• Your task
Transcribe exactly, and only, the lines running from the one that contains "قال المؤلف وقد" through the last line of the material. No pictures.

• Supplied data
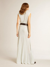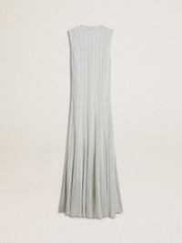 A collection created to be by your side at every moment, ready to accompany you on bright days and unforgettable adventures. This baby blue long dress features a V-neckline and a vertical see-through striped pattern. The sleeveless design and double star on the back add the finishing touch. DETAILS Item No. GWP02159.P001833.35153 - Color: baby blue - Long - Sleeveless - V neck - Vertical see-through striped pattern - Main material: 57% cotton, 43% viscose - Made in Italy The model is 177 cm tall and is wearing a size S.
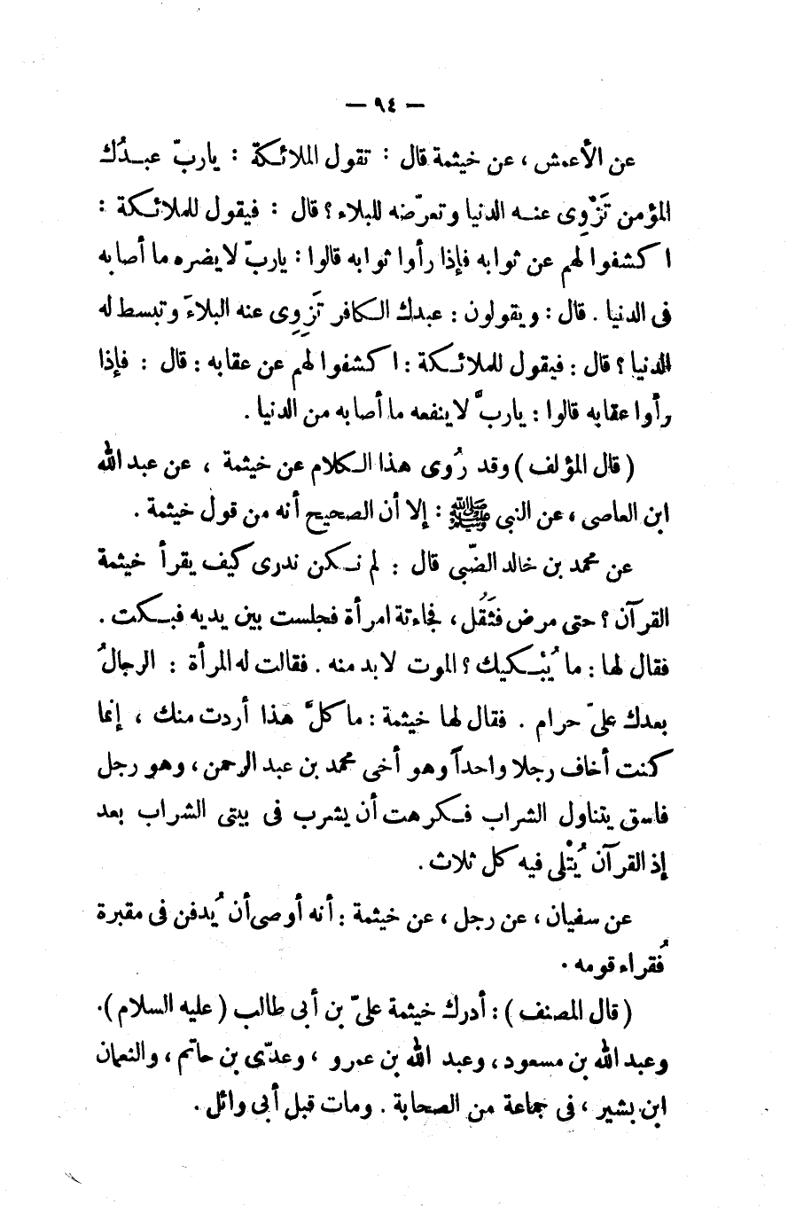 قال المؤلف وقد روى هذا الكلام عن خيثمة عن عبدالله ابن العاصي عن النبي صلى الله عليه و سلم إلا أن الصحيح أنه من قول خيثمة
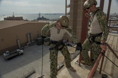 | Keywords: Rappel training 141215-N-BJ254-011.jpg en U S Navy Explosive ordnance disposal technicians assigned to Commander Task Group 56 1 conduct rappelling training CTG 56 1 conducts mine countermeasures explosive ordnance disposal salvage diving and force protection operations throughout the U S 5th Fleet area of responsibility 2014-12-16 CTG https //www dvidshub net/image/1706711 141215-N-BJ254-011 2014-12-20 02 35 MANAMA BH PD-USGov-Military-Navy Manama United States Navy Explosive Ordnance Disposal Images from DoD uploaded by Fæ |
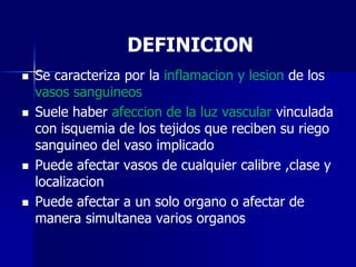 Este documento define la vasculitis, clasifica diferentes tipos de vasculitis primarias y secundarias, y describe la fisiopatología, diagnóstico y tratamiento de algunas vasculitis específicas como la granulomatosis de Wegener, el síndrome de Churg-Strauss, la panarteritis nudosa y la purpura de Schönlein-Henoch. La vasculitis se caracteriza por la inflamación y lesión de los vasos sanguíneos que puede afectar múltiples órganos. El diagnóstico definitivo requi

• Your solution
 قال المؤلف وقد روى هذا الكلام عن خيثمة عن عبدالله ابن العاصي عن النبي صلى الله عليه و سلم إلا أن الصحيح أنه من قول خيثمة
 | Keywords: Rappel training 141215-N-BJ254-011.jpg en U S Navy Explosive ordnance disposal technicians assigned to Commander Task Group 56 1 conduct rappelling training CTG 56 1 conducts mine countermeasures explosive ordnance disposal salvage diving and force protection operations throughout the U S 5th Fleet area of responsibility 2014-12-16 CTG https //www dvidshub net/image/1706711 141215-N-BJ254-011 2014-12-20 02 35 MANAMA BH PD-USGov-Military-Navy Manama United States Navy Explosive Ordnance Disposal Images from DoD uploaded by Fæ |
 Este documento define la vasculitis, clasifica diferentes tipos de vasculitis primarias y secundarias, y describe la fisiopatología, diagnóstico y tratamiento de algunas vasculitis específicas como la granulomatosis de Wegener, el síndrome de Churg-Strauss, la panarteritis nudosa y la purpura de Schönlein-Henoch. La vasculitis se caracteriza por la inflamación y lesión de los vasos sanguíneos que puede afectar múltiples órganos. El diagnóstico definitivo requi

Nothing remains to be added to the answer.